By Sir Humpsalot and Madame Pimpstress

Licensed Sexologists

 

Sir Humpsalot says… Look, we’ve been beating (haha) around the bush (haha) for too long. No more hygiene. No more friend zones. No more staying safe on spring break nonsense. It’s time to get serious about this. You want a sex column, we’ll give you a sex column. Here are Sir Humpsalot’s absolute best, fantastic, can’t beat (haha) ‘em, you’ll need a new pair of shorts, “bang spots” on campus.

We all have a little adventure in us. At least you should because sex is a freaking adventure, and if you don’t agree with me, then you can stop reading right now because I don’t have time for you. For the exhibitionists, voyeurs, and bedroom-daredevils out there, here are the best spots on campus where you can really just let loose.

 

1. The Cat Walks In Toll

 

What’s sexier than breaking into buildings on campus for a little high stakes hanky panky? Nothing.  Surrounded on both sides by glass walls for maximum viewing pleasure and with dangerously high altitudes make this an absolute must. Extra points go for those who stare the taxidermied black bear in the eyes through the process.

Anstett

Humpsalot

 

2. Under Your RA’s Bed

 

Need a bit more thrill? Add in some excitement with a bit of undercover, sexual operations. Make a fake emergency, call to your resident assistant, and, while they’re out of the room, sneak in and get down to business beneath your RA’s bed. Try to have the best time possible before they return. If they do interrupt your covert coitus, the challenge evolves. Finish and escape without being caught. Genius.

 

3. On a Boat on the Chester River

 

What better way to honor our founding father, George Washington, than conducting your own nocturnal crossing of the Delaware?
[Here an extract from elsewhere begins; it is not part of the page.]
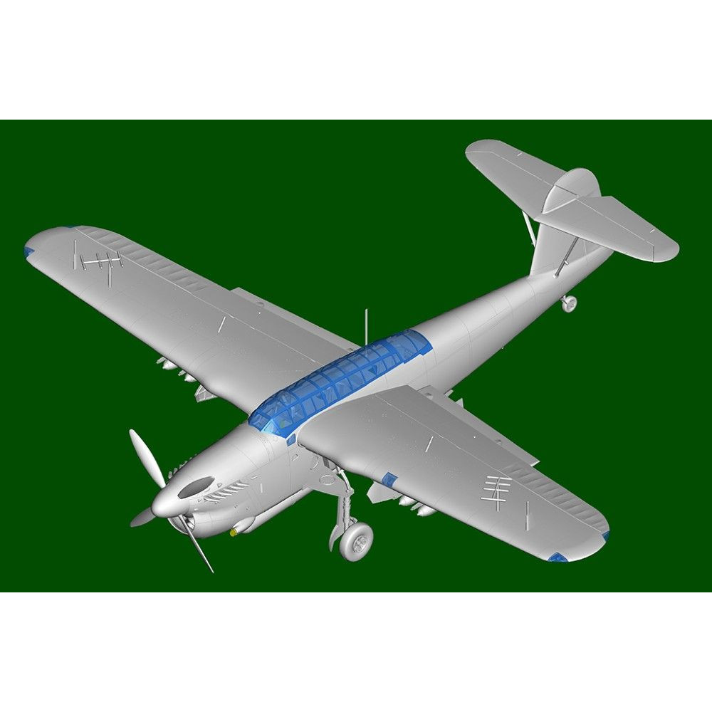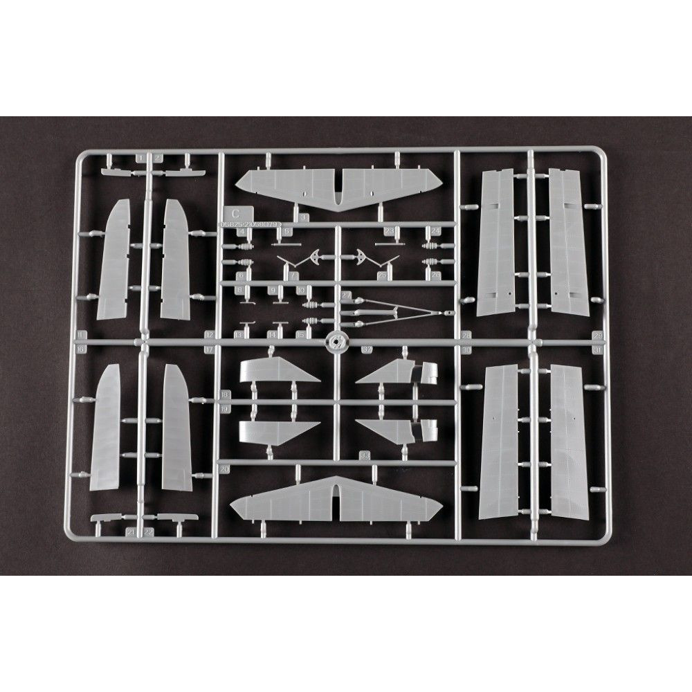 Ez a Trumpeter modell a gép egyedi sziluettjét ragadja meg a részletesen kidolgozott törzzsel és szárnyakkal, amelyek finoman vésett panelvonalakat viselnek magukon.

Rent a canoe and get busy on the brown, polluted waters of the Chester River.  Just don’t rock the boat too much, kids.

 

4. Hotchkiss Recital Hall

 

Do you long for the stage? Well you don’t have to wait any longer. With a willing partner, you can be the star of your own award-winning vocal performance.  The acoustics are great in there. If you want, you can pull a triple threat and hit all three theaters in Gibson. Now that would earn you some bragging rights.

 

5. I don’t know like…the baseball field?

 

Madame Pimpstress says… It isn’t very exciting having sexy-time day and night in your dorm room. I mean, there are only so many surfaces you can have sex on in a small dorm room, am I right? It just gets boring. So why not spice it up a little? Make a to-do list or competition out of where you can sex-it-up on campus. There are just so many possibilities out there that it’s a shame we let them go to waste by confining ourselves to our dorm rooms. So let me help you get started. Here is a list of places you should consider christening on campus (if you haven’t already).

Kayla

Pimpstress

 

Outside Locations:

1. The stone benches (or the brick ledges) at the entrance of Martha Washington Square. Not only are you under the gorgeous stars, but you can also make a tribute to Martha. Afterall, she was the first, First Lady, and First Ladies are all about beauty and style.
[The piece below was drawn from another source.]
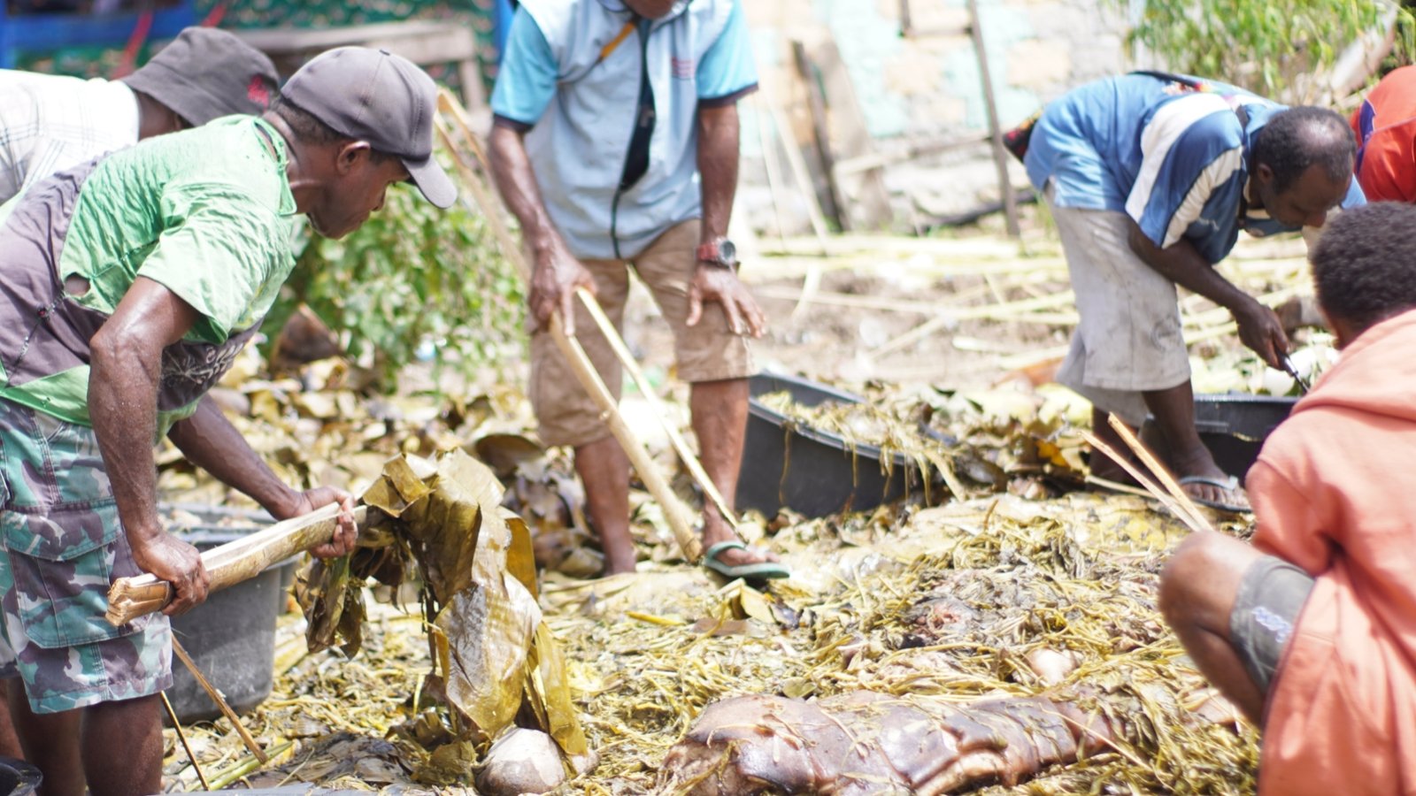 Lima ekor ekina yang telah dimasak dengan uap batu panas menjadi sajian utama, didampingi ayam, ubi-ubian, dan sayuran segar yang disiapkan bersama oleh para ibu, bapak, dan pemuda.

2. The benches outside of Hodson Hall. The ones next to George’s head. You can fantasize about George, powder wigs, and hoopskirts. Thoughts of the modesty will surely get you fired up.

3. Are you a sport junkie? Ride the bleachers, wrap up in the goalie nets, and/or score on middle field. Roy Kirby all the way. Or hit a home run on Athey park, and then move on down to the tennis courts to finish off. It’s every parent’s dream for their child to do well on the field.

4. For an adrenaline rush, try the crosswalk. I’m not talking about the sidewalk. Because everyone fantasizes about being run over during missionary.

 

Inside Locations:

1. Practice the art of contamination in one of the many Toll science labs (just try not to break any beakers). Talk about a chemical reaction.

2. Wants to make special friends in high places? Try the Sky Box, the CAC’s light tower, or Middle Hall’s tower. Whichever you’d prefer. The higher the site, the closer you are to heaven.

3. Any elevator on campus. (Chester, Sass, Hodson, Harford, Smith, Goldstein, etc.) Try to hit all of the right buttons.

4. If you are in need of some serious exercise, hit it off at the gym. Test out and see how fast each machine can go.

 

Now that you have some ideas, it’s time to explore the sexual potential of our beautiful campus. The above lists are just a starting point. Take these two lists and run. Be creative, and have courage to explore the possibilities. So get ready WC. It’s sexy time anywhere, anytime.

 

Notice: This article is a part of the annual April Fool’s edition.  None of the information in this article is true.